Arturo Ávila, el candidato milusos
El diputado de Morena Arturo Ávila declaró que podría buscar ser candidato, ya sea a la gubernatura de Aguascalientes o a la alcaldía Cuauhtémoc, en la Ciudad de México. ¿Es versatilidad tipo milusos o priista desdén al electorado?
En el viejo régimen, las decisiones sobre las candidaturas de los estados se tomaban en la Presidencia de la República. Lo importante era la dinámica de poder del partido hegemónico; las elecciones, un mero trámite.
Así, lo crucial era tener los conectes adecuados con el dedo que palomeaba las candidaturas, y qué más daba si el ungido llevaba lustros fuera de su estado natal, el “aparato” haría el resto.
Morena tiene siete años en la presidencia y mucho aún por demostrar. Por ejemplo, no han probado ser mejores para hacer que la economía crezca, ni pueden decir que la impunidad es menor que antes. El tiempo pasa y nada.
Sin importar lo anterior, hay quien cree que Morena tiene garantizados los triunfos. La declaración del diputado Ávila parece cuadrar con esa visión: da igual ir por este que por aquel puesto, así estén a cientos de kilómetros de distancia.
Cuesta trabajo imaginarse que, a menos de un año y medio de la elección, un político puede estar igual de preparado para encabezar a un estado entre Jalisco y Zacatecas, que para la alcaldía Cuauhtémoc.
Vaya cuadros los de Morena, que se dicen tan listos para gobernar una entidad que en el Informe de Competitividad Estatal del IMCO de 2026 sale en quinto lugar, todo un logro, como para una alcaldía que ni policía propia tiene y vive asolada por la gentrificación, la extorsión y las marchas.
No atino a saber cuál electorado podría estar más ofendido porque lo consideren una opción desechable, si el de Aguascalientes o el de la Cuauhtémoc.
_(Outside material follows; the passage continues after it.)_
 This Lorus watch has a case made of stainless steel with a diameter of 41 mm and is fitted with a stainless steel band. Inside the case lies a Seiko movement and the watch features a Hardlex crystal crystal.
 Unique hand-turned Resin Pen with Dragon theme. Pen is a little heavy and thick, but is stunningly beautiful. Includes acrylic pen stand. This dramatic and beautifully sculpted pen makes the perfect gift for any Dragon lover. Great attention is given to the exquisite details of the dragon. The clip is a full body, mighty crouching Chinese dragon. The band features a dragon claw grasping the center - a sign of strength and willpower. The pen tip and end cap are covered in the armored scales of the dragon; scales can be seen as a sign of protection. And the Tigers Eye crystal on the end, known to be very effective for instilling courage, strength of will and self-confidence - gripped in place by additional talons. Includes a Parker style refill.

O, dicho de otra forma, ¿en dónde ancla su arraigo el diputado Ávila? O es como Groucho Marx: “si no les gusta este arraigo, tengo otro”.
Imposible no seguir con el hilo del tiempo priista. Cuando el partidazo gobernaba, la disciplina lo era todo: así uno podía, en efecto, acabar de delegado en una demarcación del DF como consolación, o escala, frente a una gubernatura.
Por ende, el delegado se sabía obligado con el gran elector, no con la sociedad, y la agenda que importaba era la que definía Los Pinos, no los temas que urgían a la población.
“Me estaré inscribiendo en Aguascalientes, una encuesta que ya gané en 2022”, adelantó Ávila a Milenio en entrevista publicada el lunes, en la que detallaba: “Sin embargo, en 2022, también la paridad de género, por los criterios de competitividad (sic), pues no me permitieron competir. Pero si de pronto hay otro escenario y puedo ayudar a mi movimiento a recuperar una alcaldía como la Cuauhtémoc, que hoy tiene un pésimo gobierno y con acusaciones de corrupción, claro que me anoto, por supuesto. Yo creo que la alcaldía Cuauhtémoc tiene sin duda una importancia significativa en términos de quienes están, las empresas, los barrios. Es muy importante”.
Décadas atrás la izquierda promovió que el entonces Distrito Federal dejara de ser una entidad de segunda en cuanto al derecho a elegir gobernantes. La sociedad se sacudió el tutelaje de los delegados y el regente.
Parece que el diputado no se enteró de ello y hoy demanda que su “movimiento recupere” la Cuauhtémoc, y él se ofrece como su salvador o como opción a Aguascalientes… No, pues gracias por el sacrificio.
Al promoverse como candidato milusos, Ávila desdeña a dos electorados. Muy priista todo, para sorpresa de nadie.